Because the network device's immediate parent is the aux device and not
a PCI device, names_pci() bails out and these interfaces fall through
to the kernel-assigned eth<N> name, which is not stable across reboots,
module reloads or topology changes.

The naming applies when the SF network device's direct sysfs parent is
the aux device that exposes sfnum, i.e. the kernel driver passes the
aux device to SET_NETDEV_DEV(). mlx5_core does so. ice's
ice_sf_cfg_netdev() currently passes the parent PF's PCI device, so ice
SF network devices sit as siblings of the PF rather than below the aux
device and fall outside this precondition; pending a kernel change in
ice to mirror mlx5's SET_NETDEV_DEV(netdev, &adev->dev), they continue
to receive the kernel-assigned name as they do today.
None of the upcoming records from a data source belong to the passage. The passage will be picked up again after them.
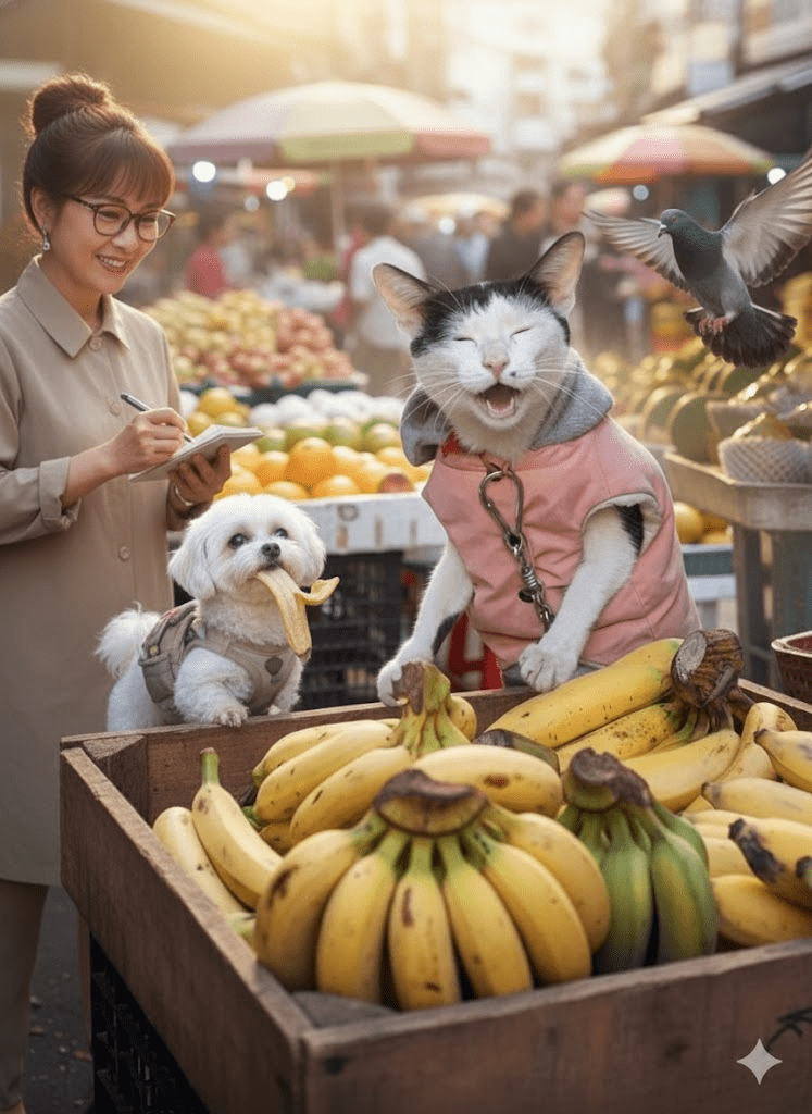 His fame, however, brought unexpected challenges. One particularly sweltering afternoon, a renowned food critic, notorious for her scathing reviews, approached the stall. She wasn’t interested in bananas; she wanted a story. Mr. Meownana, sensing the gravitas of the moment, didn’t just offer her fruit. He performed. He “yelled” at a passing pigeon, artfully “overcharged” a curious poodle for a single banana peel, and even, at the climax, delivered a series of rapid-fire “meows” that seemed to convey the entire history of his entrepreneurial journey. The critic, initially skeptical, left with a wide smile, a bunch of bananas, and the framework for a glowing article that would soon go viral, solidifying Mr. Meownana’s status as a culinary and cultural icon.
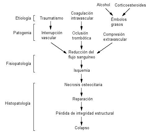 Patogenia de la osteonecrosis. Obstrucción intraluminal: desórdenes tromboembólicos, estasis venosa. Compresión vascular: presión mecánica externa, vasoespasmo . Disrupción física del vaso sanguíneo: traumatismo, fractura
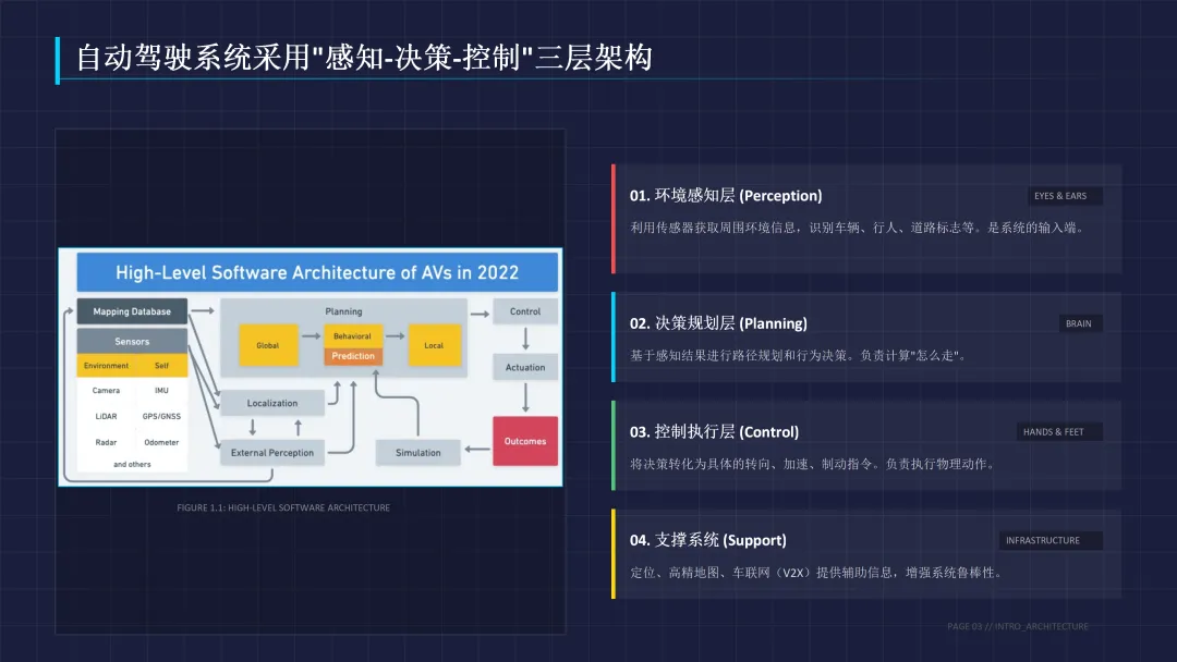 自动驾驶系统通常被设计为一个分层的架构,以实现从数据采集到车辆执行的完整闭环。这个架构主要包含三大核心模块,并由一系列关键技术提供支撑。
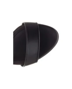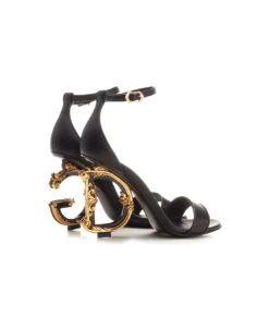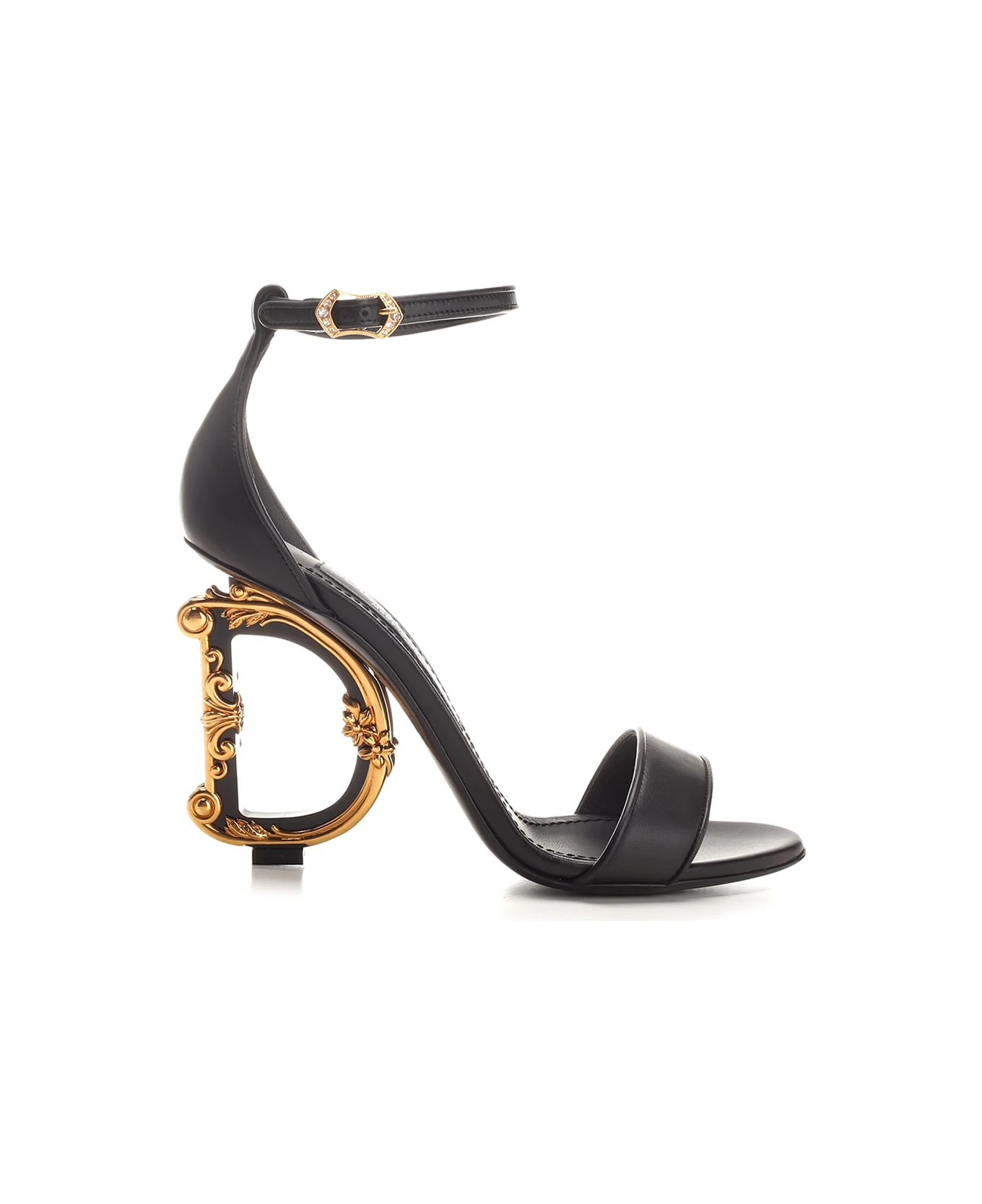 Black leather “Devotion” sandal from Dolce & Gabbana, with ankle strap, baroque sculpture heel.
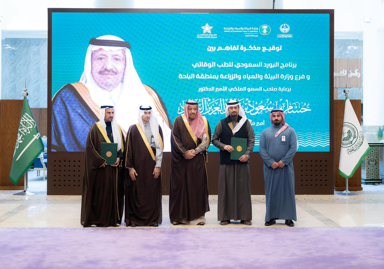وخلال الاستقبال ، جرى توقيع مذكرة تفاهم بين برنامج البورد السعودي للطب الوقائي ، مثّله الدكتور علي آل منصور ، وفرع وزارة البيئة والمياه والزراعة بمنطقة الباحة ، مثّله مدير عام فرع الوزارة بالمنطقة المهندس فهد مفتاح الزهراني.
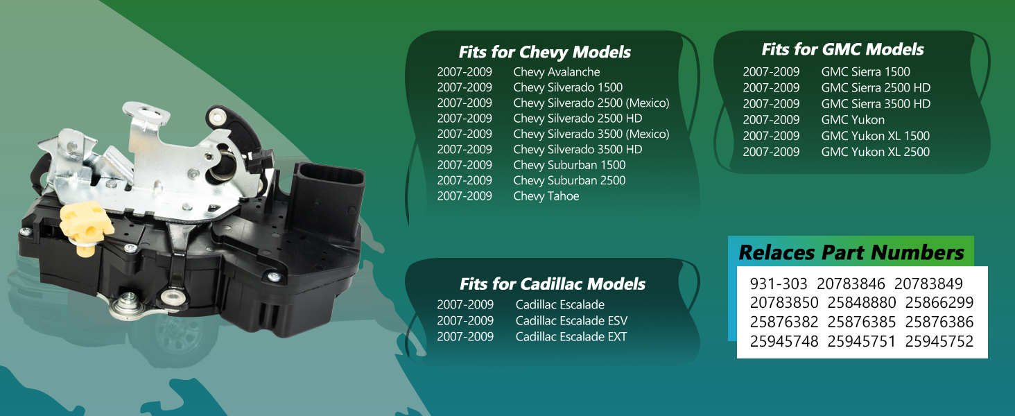 تركيب السيارة 2: محرك تشغيل قفل الباب هذا متوافق مع موديلات تشيفي: 2007-2009 تشيفي أفالانش، 2007-2009 تشيفي سيلفرادو 1500، 2007-2009 تشيفي سيلفرادو 2500 (المكسيك)، 2007-2009 تشيفي سيلفرادو 2500 HD، 2007-2009 تشيفي سيلفرادو 3500 (المكسيك)، 2007-2009 تشيفي سيلفرادو 3500 HD، 2007-2009 تشيفي سوبربان 1500، 2007-2009 تشيفي سوبربان 2500، 2007-2009 تشيفي تاهو.
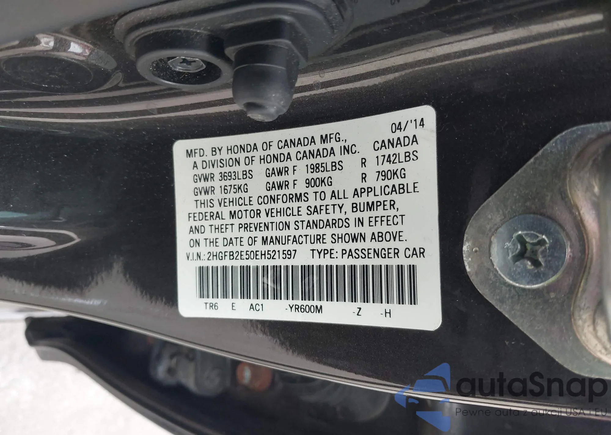 • VIN 2HGFB2E50EH521597
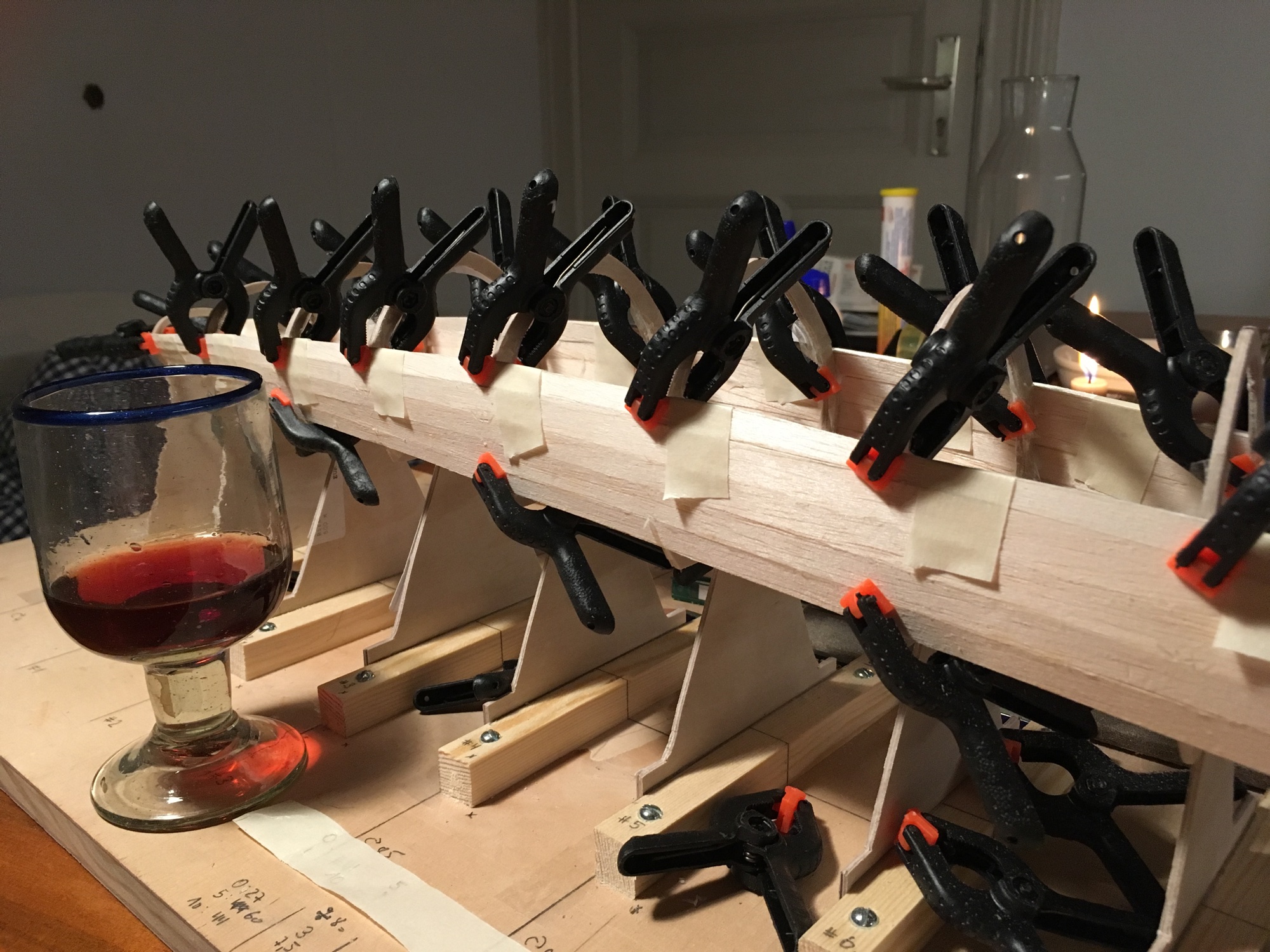 Vor dem Leimen schneide ich mir 12 Stücke Tesa Krepp zurecht - dann wird Spantfeld für Spantfeld erst mit Krepp die Planke am Vorgänger fixiert und dann sofort mit der Klammer am Spant befestigt. Das ergibt eine schöne Kontur.
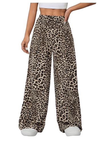 HOT ! SweatyRocks Women's Leopard Print Animal Wide Leg Pants Elastic Waist Trousers with Pockets
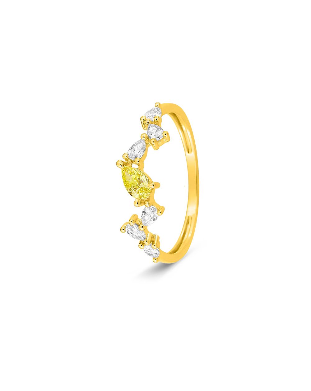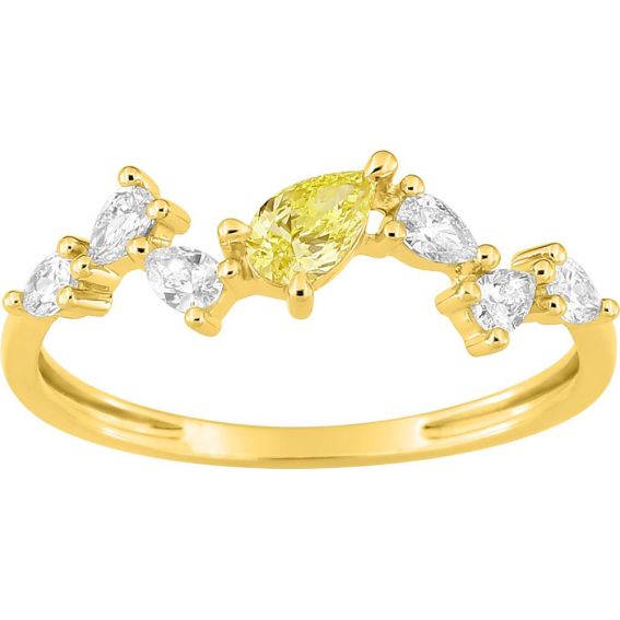 Deze ring van 375 goud, bezet met witte en gele, in het laboratorium gekweekte diamanten, is ideaal als verfijnd sieraad voor elke dag , als elegant cadeau of als slanke ring met een sterke persoonlijkheid.
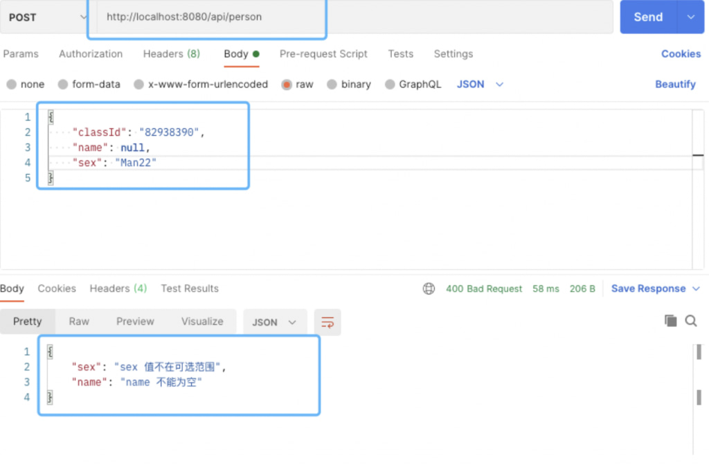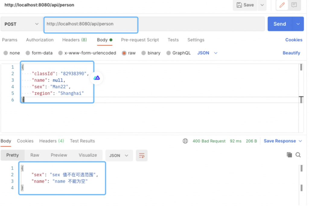 我们在需要验证的参数上加上了注解,如果验证失败,它将抛出。默认情况下,Spring 会将此异常转换为 HTTP Status 400(错误请求)。@Valid MethodArgumentNotValidException
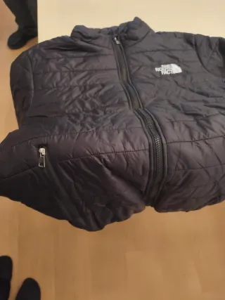 Chaqueta de invierno The North Face en color negro. Es una prenda acolchada con relleno de plumas, ideal para mantener el calor. - Diseño acolchado. - Cierre de cremallera frontal. - Bolsillo con cremallera en el pecho. - Revisersible. - Como nueva. - Me la borró App Wallapop. - 100% Original - Talla 12 años.
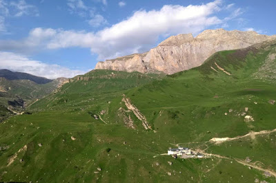 The morning welcomed us with clear blue sky and at sunrise everybody was up to see the Caucasian Black Grouse at their lek just right from the doorstep. Also a few Caucasian Turs with fawns were spotted on the flank of Shahdag mountain. Other target species seen were Mountain Chiffchaff, Green Warbler and Caucasian Twite. The meadows were full of coutelli-Water Pipits, Red-fronted Serins and Common Rosefinches, Ring Ouzels were singing and Golden Eagles soaring overhead. Unfortunately just two of us saw each one of a pair of Great Rosefinches very briefly. The weather quickly turned into rain so we decided to go back. In Laza the sun was shining again but we were happy anyway and enjoyed one or the other beer in this overwhelming scenery.
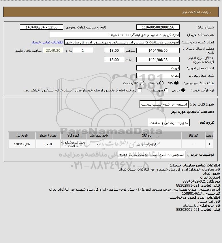 نام دستگاه خریدار:اداره کل بنیاد شهید و امور ایثارگران استان تهران

The aux device exposes 'sfnum', the user-defined sub-function number
(the value passed to "devlink port add ... sfnum N"), which is stable
and unique within its parent PF. The aux device's direct sysfs parent
is the PF's PCI device.

Treat an SF host network device analogously to an SR-IOV VF host
network device: walk to the parent PCI function, derive the base name
from there, then append a single-character "S<sfnum>" suffix. Lowercase
's' is already taken (slot) and the existing grammar uses one character
per token, so 'S' is the best option.

E.g. for an SF whose parent PF is at PCI 0000:c1:00.0 and which was
added with "sfnum 88":

  ID_NET_NAME_PATH=enp193s0f0S88
  ID_NET_NAME_SLOT=enp193s0f0S88

This is parallel to how SR-IOV VFs get a "v<N>" suffix on top of the
parent PF's name.

Gate the new behaviour behind NAMING_SUBFUNC and NAMING_V261. Document
the new suffix in both the ID_NET_NAME_SLOT and ID_NET_NAME_PATH
grammars in systemd.net-naming-scheme(7) and add a v261 history entry.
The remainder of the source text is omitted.